4. AI-specific custom dimension query

dependencies
| where timestamp > ago(1h)
| where name == "rag.generate"
| extend model = tostring(customDimensions['gen_ai.request.model'])
| extend tokens_out = toint(customDimensions['gen_ai.usage.output_tokens'])
| summarize calls = count(), total_tokens = sum(tokens_out),
            p95_ms = percentile(duration, 95) by model
| order by total_tokens desc

Token usage and latency per model — pulled from custom dimensions you set on your span attributes.
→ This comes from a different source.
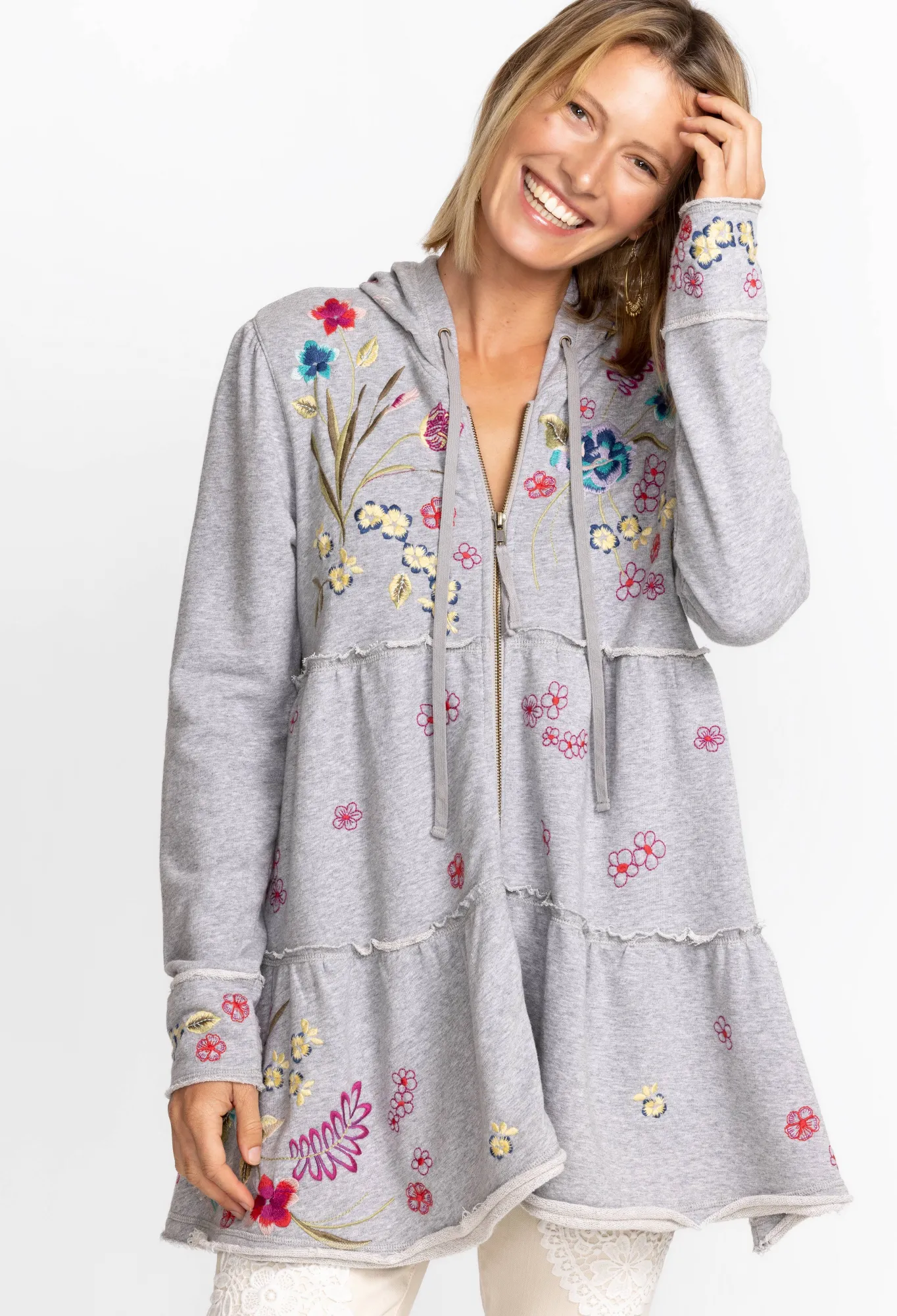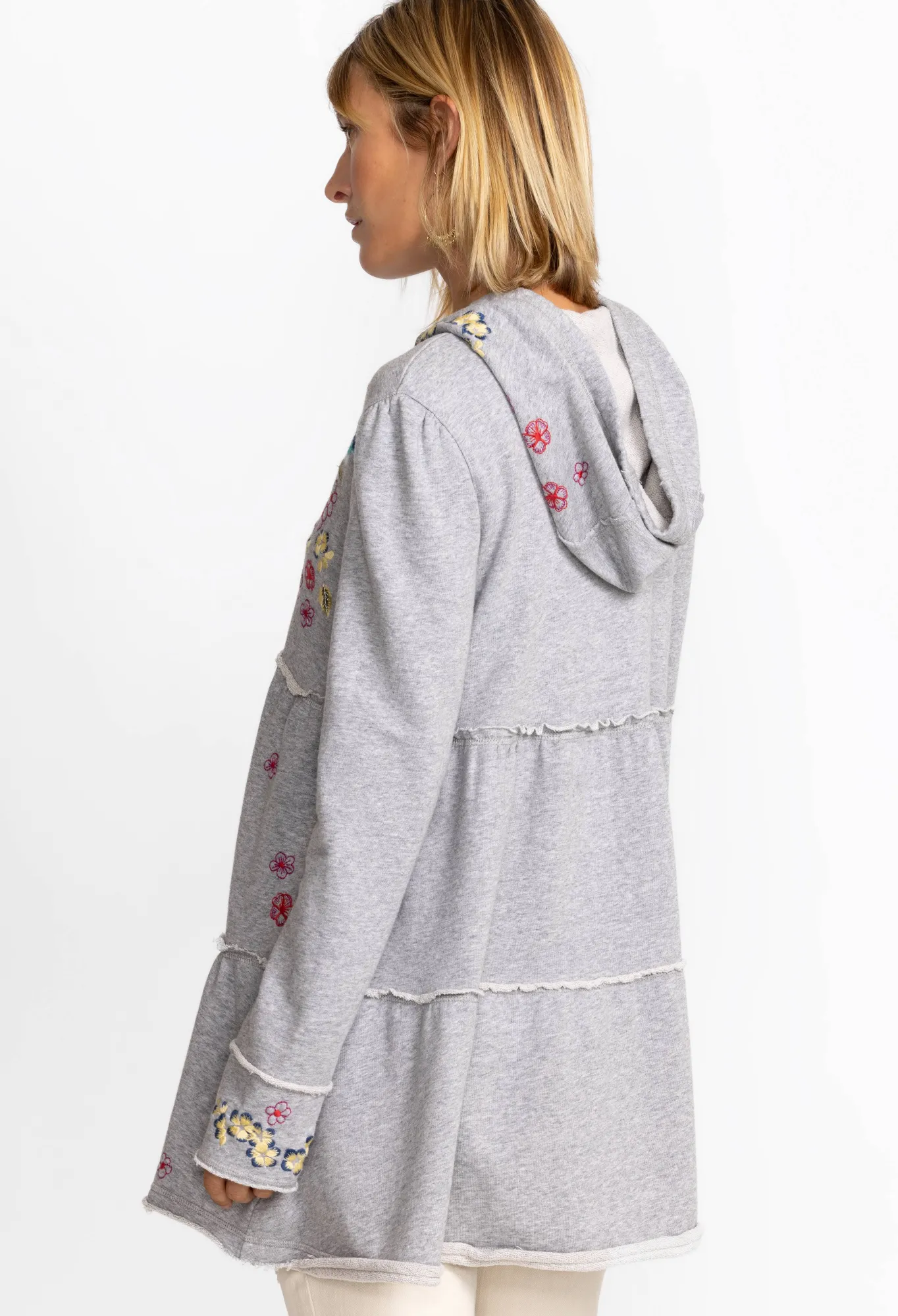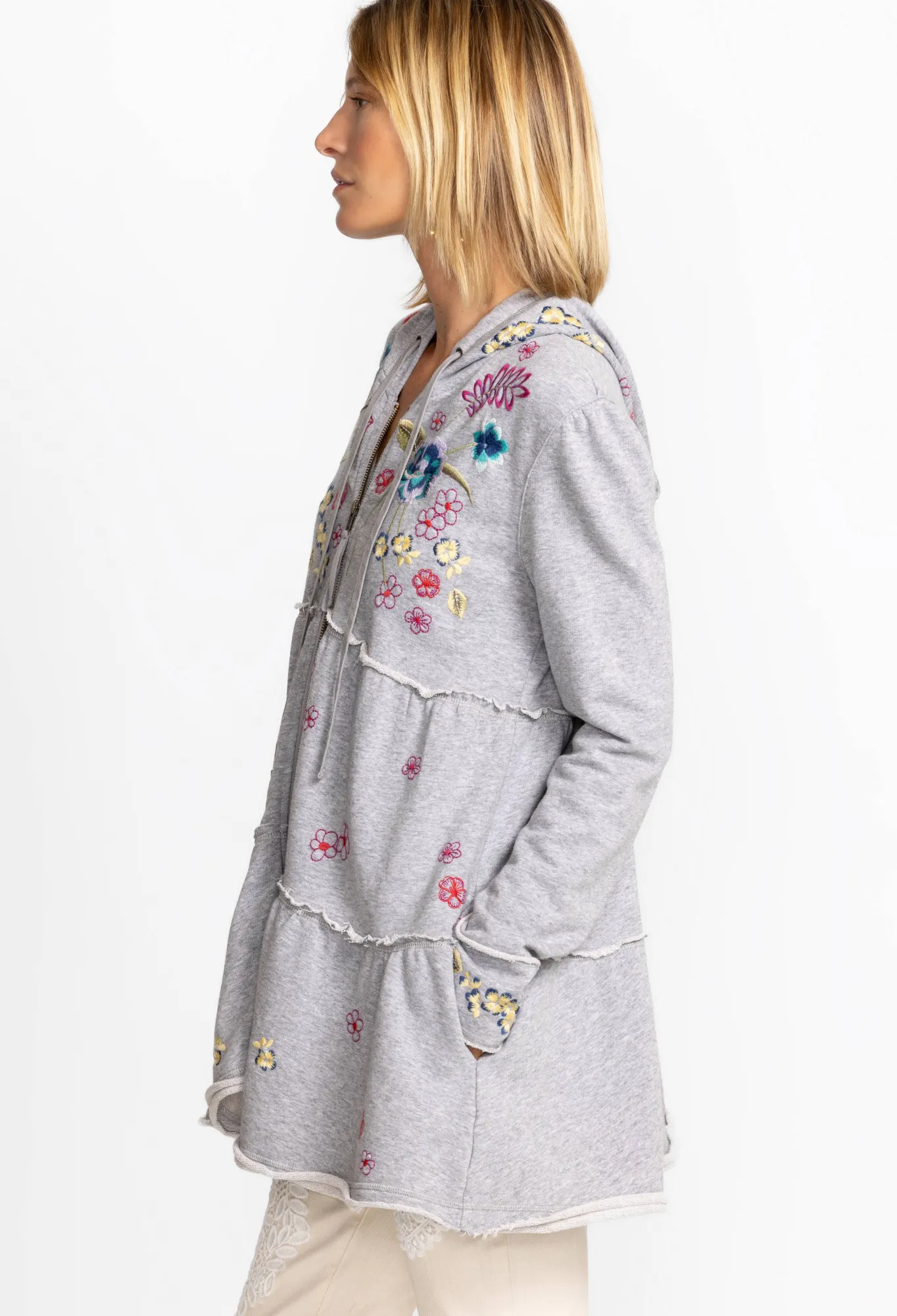 Casual Sportswear With An Air Of Sophistication, The Jessi Tiered Hoodie Adds An Elegant Touch To Your Athletic Apparel. Crafted From Cotton And Embellished With Colorful Placement Embroidery, This Tiered Hoodie Is Finished With A Cozy Drawstring Hood. Pair With Leggings And Sneakers For A Workout-Ready Look.

5. Container Apps system events

ContainerAppSystemLogs_CL
| where TimeGenerated > ago(30m)
| where ContainerAppName_s == "roo-vision"
| where Reason_s in ("Failed", "BackOff", "Killing", "Unhealthy")
| project TimeGenerated, Reason_s, Log_s, RevisionName_s
| order by TimeGenerated desc

Anything alarming the platform reported about a specific container app — image pull failures, probe failures, throttle events.
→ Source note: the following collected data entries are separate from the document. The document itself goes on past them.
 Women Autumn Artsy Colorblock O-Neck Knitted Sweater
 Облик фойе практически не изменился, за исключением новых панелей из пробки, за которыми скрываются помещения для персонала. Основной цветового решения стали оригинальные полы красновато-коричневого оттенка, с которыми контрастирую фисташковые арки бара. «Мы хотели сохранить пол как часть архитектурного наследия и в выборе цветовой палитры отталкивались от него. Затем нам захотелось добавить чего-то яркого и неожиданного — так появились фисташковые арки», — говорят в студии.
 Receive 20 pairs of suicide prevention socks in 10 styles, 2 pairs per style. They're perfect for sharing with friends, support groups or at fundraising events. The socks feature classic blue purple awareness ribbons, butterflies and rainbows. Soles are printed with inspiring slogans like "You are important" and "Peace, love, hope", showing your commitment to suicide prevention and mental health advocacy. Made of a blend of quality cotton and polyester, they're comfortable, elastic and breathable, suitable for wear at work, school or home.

Exam tip: 'where' before 'summarize'

KQL queries are billed by the data they scan. A query that does summarize ... by name and THEN filters with where scans the entire table. Filtering first — by time, by app name, by route — keeps cost (and latency) low.

Order: where TimeGenerated > ago(...) → other where filters → extend (computed columns) → summarize → order by → render.
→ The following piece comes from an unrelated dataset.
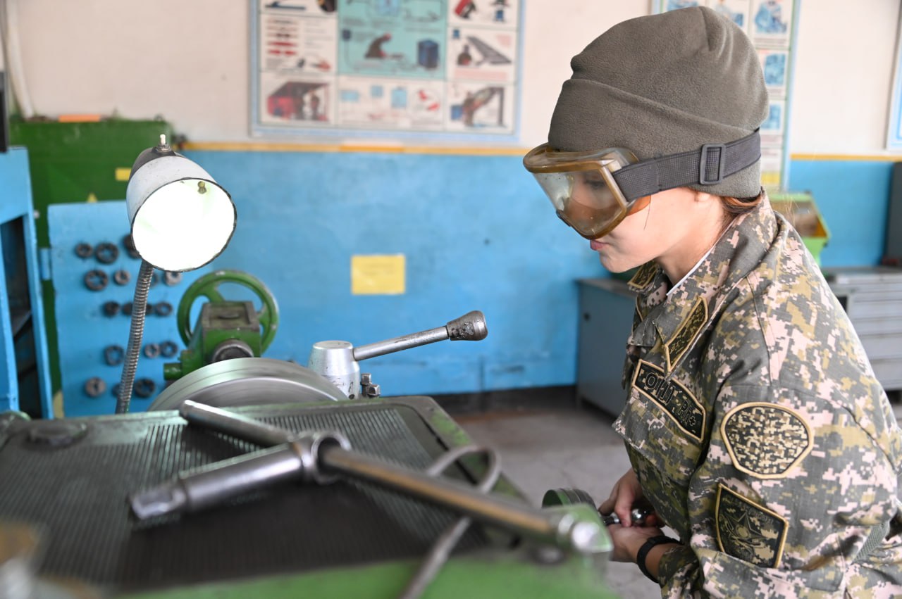 Военнослужащая по контракту Айгуль Тусупбаева – представитель редкой для «слабого пола» профессии, она работает токарем в ремонтной роте войсковой части 31775 Регионального командования «Астана». В ее умелых руках металл приобретает нужную форму, глядя на это, мужчины-коллеги не перестают удивляться.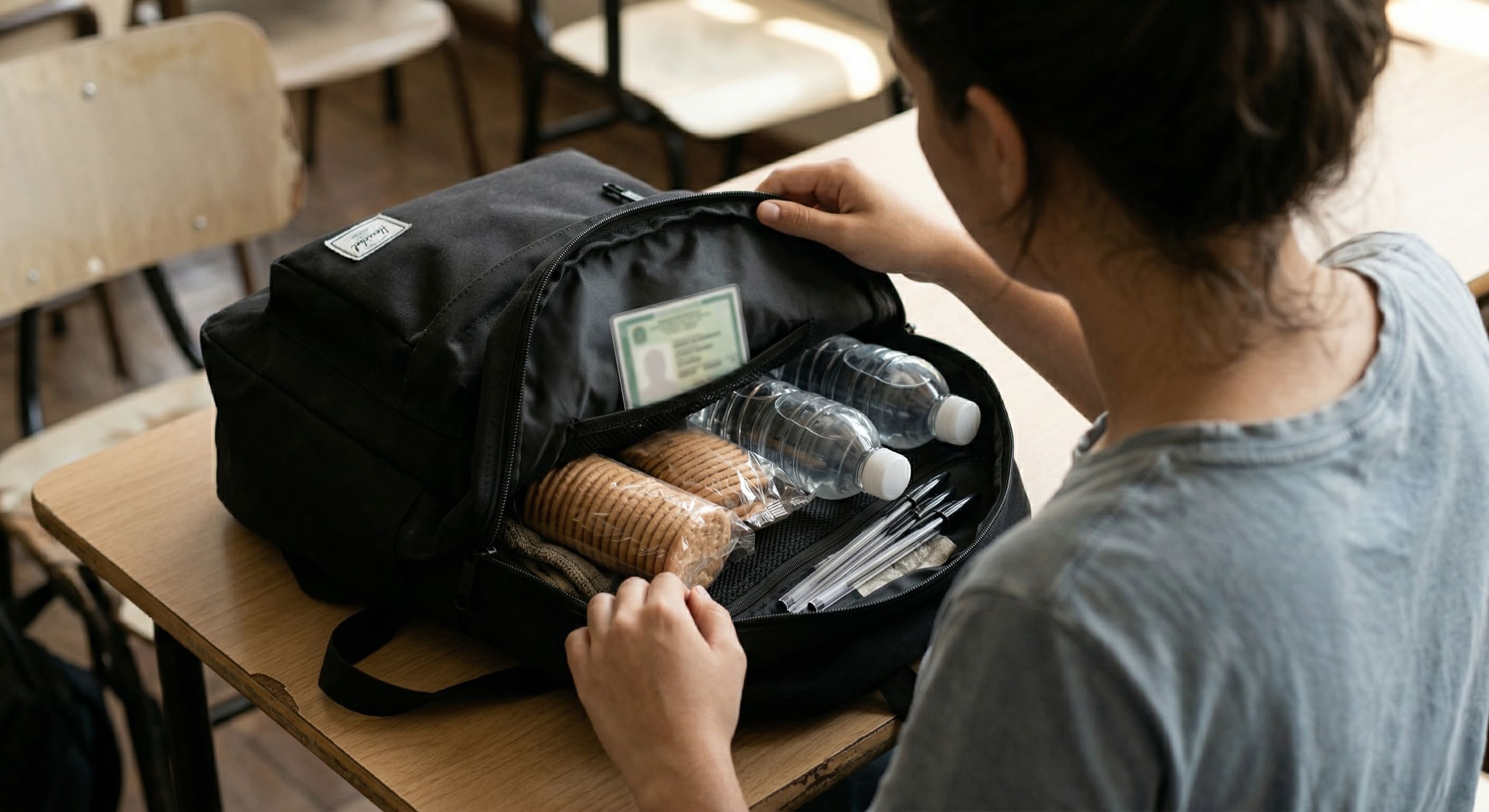 Alt Text : Foto de uma mochila sendo aberta, revelando itens essenciais e permitidos para concursos públicos: garrafas de água sem rótulo, lanches lacrados e canetas esferográficas pretas transparentes.

The most useful operators in one place

// Filter
| where col == "value" and othercol > 100

// Pick columns
| project a, b, c

// Add computed columns without dropping
| extend duration_s = duration / 1000.0

// Aggregate
| summarize count(), sum(x), avg(x), percentile(x, 95) by groupCol, bin(timestamp, 5m)

// Join
| join kind=inner (otherTable | project key, val) on key

// Take top N by some metric
| top 10 by duration desc

// Render hint
| render timechart        // or barchart, piechart, columnchart

Joins — when correlation matters

// Find the dependency call chains for the slowest 20 requests
requests
| where timestamp > ago(1h)
| top 20 by duration desc
| project oid = operation_Id, request_dur = duration, request_name = name
| join kind=inner (
    dependencies | project oid = operation_Id, dep_dur = duration,
                            dep_target = target, dep_name = name
) on oid

operation_Id is the trace ID — all spans in a single trace share it. That’s how you reconstruct an end-to-end story.

Functions and parsing

// String functions
| extend route_short = substring(name, 0, 30)
| where url contains "openai"
| extend host = url_host(url)

// Numeric / time
| extend dt = todatetime(customDimensions["created_at"])
| extend tier = case(duration < 100, "fast",
                     duration < 1000, "ok",
                     "slow")

// JSON parsing
| extend parsed = parse_json(customDimensions)
| extend model = tostring(parsed.model)

case, iff, parse_json are the everyday kitchen tools.

Workbooks and dashboards

KQL queries become reusable through:

Surface	What it does
Workbooks	Interactive parameterised reports — pick a time range, an app, an environment; the query reruns
Dashboards	Pinned charts on the Azure portal home
Alerts	Run a KQL query on a schedule; trigger if rows match (e.g., error rate > 5%)

Most teams build a small Workbook per service that answers the standard “is everything OK” questions in one place.